Cette clientèle était essentiellement agricole : point n'était besoin de se changer après la traite des vaches pour aller au pain au commerce du quartier. Les jeunes qui se sont installés dans les campagnes n’étaient pas des clients réguliers en général : Ils y venaient sporadiquement pour un « dépannage » quand il manquait une denrée de première nécessité.
Voilà pour ce qui est de l'aspect économique du problème, peut-être celui qui n'est pas le plus important si l'on s'en tient à la « communauté » que constituait le village autour de son commerce.

Téléphone public , bureau de vote


Ce café-alimentation, qu'il soit à Loge-Gaor, à Coadigou ou à Saint-Guénolé abrita longtemps le poste de téléphone public. Les gens du quartier venaient y appeler le médecin, le vétérinaire ou l'inséminateur. A Miné-Tréouzal, Stang, Coadigou, c’était aussi le bureau de vote. Les jours d'élections, on passait par le bar après avoir voté. C'était encore un point de ralliement le dimanche soir après le match, un lieu d'échanges après une journée de travail, le lieu de réunion pour le comité des fêtes du quartier.

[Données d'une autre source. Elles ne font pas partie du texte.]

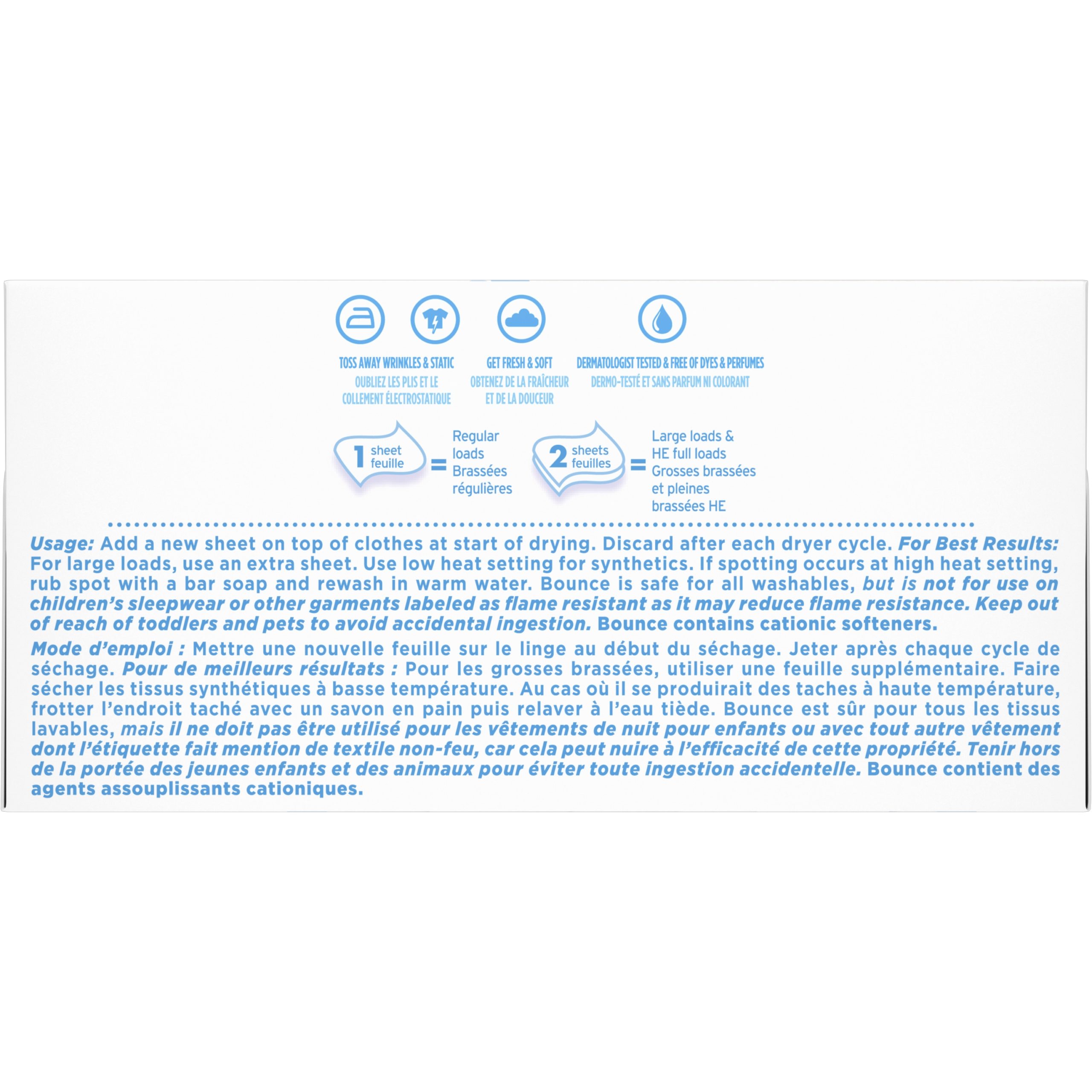 Our Bounce Fabric Softener Dryer Sheets with that Fresh Linen scent really do have a lot in common with linen (the fabric) – both are cool, crisp and light. But Bounce might just have something that real linen could use – the power to fight static, reduce wrinkles, repel lint and hair while keeping your fabrics soft. Take that linen.

Une réunion du comité de la chapelle de Saint Paul à Miné-Tréouzal

« Nous avions aussi un rôle d'écoute et d'attention aux problèmes des gens. Ils nous faisaient part de leurs peines, pas toujours de leurs joies. C'est ici que l'on apprenait les nouvelles du quartier, sur la santé de chacun ».

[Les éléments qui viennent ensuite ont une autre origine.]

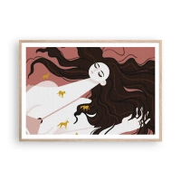 Póster en marco roble claro - Sueño de caballos dorados - 100x70 cm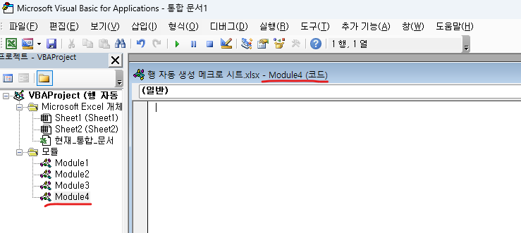 액셀 VBA편집기 Module (메크로) 설정 및 사용 (행 자동 삽입) 본문

Les causes du déclin de ces commerces ruraux sont multiples : dépeuplement des campagnes, diminution du nombre d'agriculteurs, développement de la circulation automobile. " Les gens ont vieilli, les maisons se sont vidées, la vie s'est accélérée : nous avons subi le changement en nous essoufflant ...On ne peut pas dire que l'on gagnait bien sa vie, on vivotait, les charges n'étaient pas trop lourdes, on pouvait élever ses enfants à la maison. En revendant le fonds de commerce, on avait quelques économies pour notre retraite. Mais, de nos jours les charges sont devenues trop lourdes, il n'y a que peu d'espoir de reprise d'un commerce en zone rurale". Pour le commerçant, cette fermeture est ressentie douloureusement : « Cela fait très mal, ce n'est pas pour ce que l'on gagnait derrière un comptoir, mais c'est la rupture avec toute une vie de contact, de relation avec des habitués. Ici à Miné-Tréouzal, nous étions en outre le point de ralliement entre Scaër et Guiscriff. Il aurait suffi d'une clientèle qui vienne au moins une fois par semaine pour que ce commerce garde sa raison d'être ».